İki yıl önce İstanbul’da yapılan iki operasyonun da 'siyasete darbe' değil, 'rüşvet ve yolsuzluk’ operasyonu olduğunu kaydeden Alper, “Bunun böyle olduğu toplumun çok büyük bir kesimi tarafından kabul edilmektedir. Adı rüşvet ve yolsuzluluk operasyonuna karışmış olan bazı siyasilerin kendileri de doğrudan ve dolaylı olarak bu gerçeği itiraf ettikleri bilinen bir gerçektir artık. Ayrıca toplumun sadece muhalif olan değil AKP'ye oy veren kesiminin bile büyük bir kısmı gerek bu isimlerin ve gerekse daha başka bazı siyasilerin rüşvet ve yolsuzluk ilişkisi içinde oldukları kabul edilen bir gerçektir.

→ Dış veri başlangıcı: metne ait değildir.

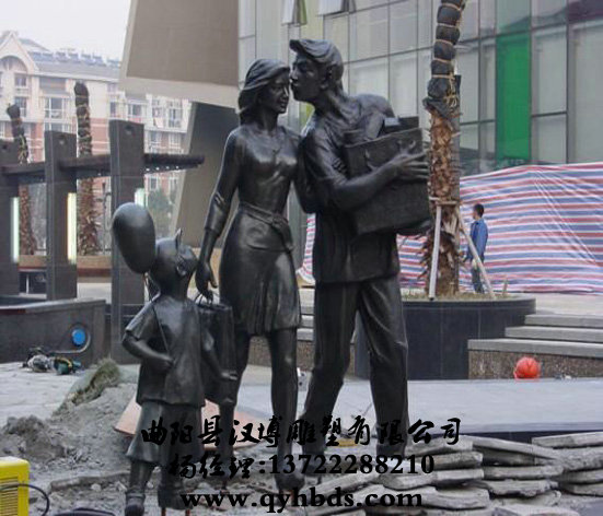 步行街雕塑,人物雕塑,一家三口雕塑-ds704

Rüşvet ve yolsuzluk operasyonuna adı karışan dört bakanın adeta cezalandırılarak sonraki iki seçimde de aday gösterilmemesi bu iddiaların AKP yönetimi tarafından da kabul edildiğini teyit etmektedir” ifadelerini kullandı.

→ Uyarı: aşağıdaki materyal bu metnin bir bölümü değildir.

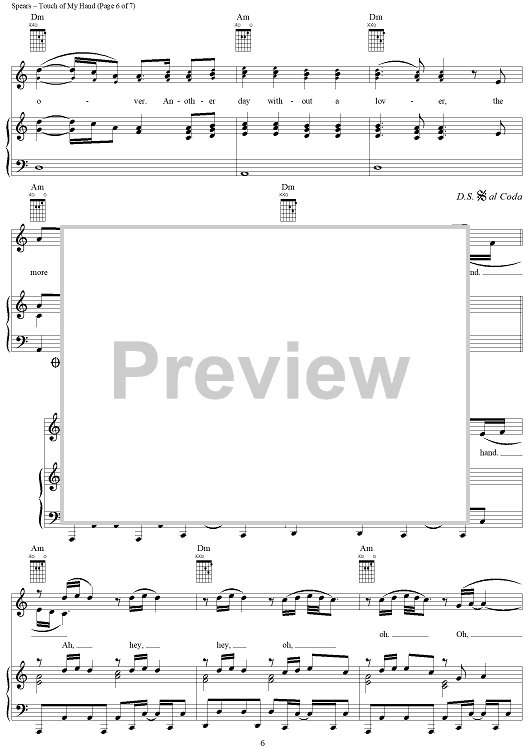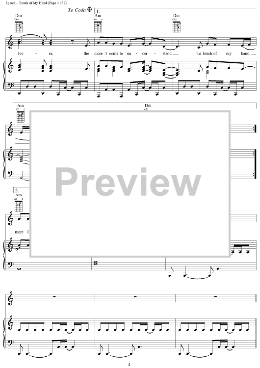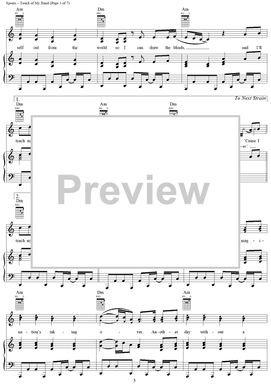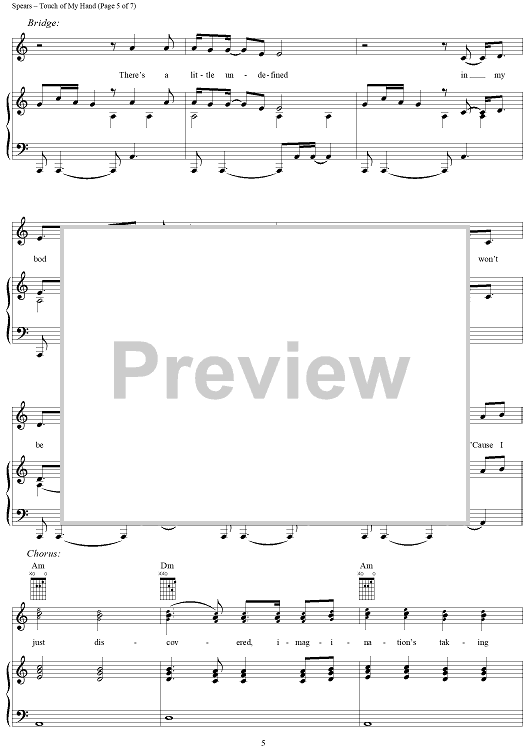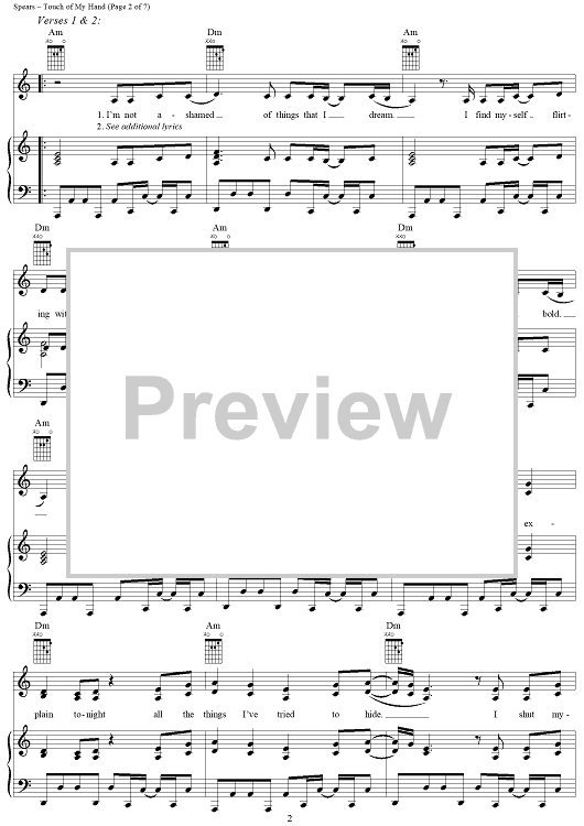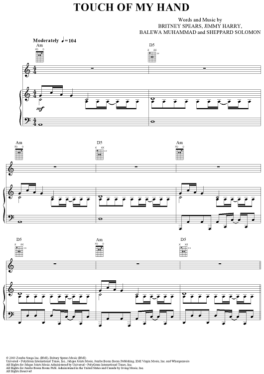 "Touch of My Hand" Sheet Music by Britney Spears

AKP iktidarının hâlâ bu yolsuzluk ve rüşvet operasyonlarını siyasete yapılmış bir 'darbe' olarak görmeye devam ederek gerçekleri gizlediğine dikkat çeken Alper, açıklamasında şu görüşlere yer verdi:
“Hatta yolsuzluk ve rüşvet soruşturmaları da takipsizlik kararlarıyla hükümet mensuplarının, ailelerinin ve hükümeti destekleyen kişilerin karıştığı büyük yolsuzluklar ‘aklanmıştır’.
İktidar elindeki yandaş medya imkânlarını da kullanarak yürüttüğü algı yönetimiyle toplumu aldatarak yapılan yolsuzlukları da unutturmaya çalışmaktadır. Şaibe altındaki bir siyasi iktidarın kendisini böyle bir yöntemle aklamaya çalışması 'hukuk devleti' ilkesiyle hiç bağdaşmamaktadır.
17- 25 Aralık tarihi hafızalara AKP’nin yolsuzluk ve hırsızlık tarihi olarak kazınmıştır ve silinmeyecektir. Milletin vicdanında aklanmadılar.
17-25 Aralık 2013 büyük rüşvet ve yolsuzluk operasyonları sonrası yaşananlar, kimin hak-hukuk, adalete, dini ve ahlaki değerlere ne kadar inandığının test edildiği bir süreç olmuştur. Dün meşru yollar ile iktidarı ele geçirenler bugün iktidarın sağladığı çıkarları elden kaçırmamak için her türlü gayri meşru yolu meşru saymakta ve sonuna kadar kullandığı görülmektedir.
Yıllardır adalet ve hukukun üstünlüğü gibi kavramlarla her türlü yolsuzluğun, adaletsizliğin ve hırsızlığın üzerini örtenler, halkın gerçeklerin açığa çıkarılması taleplerini görmezden gelmesi kabul edilemez.”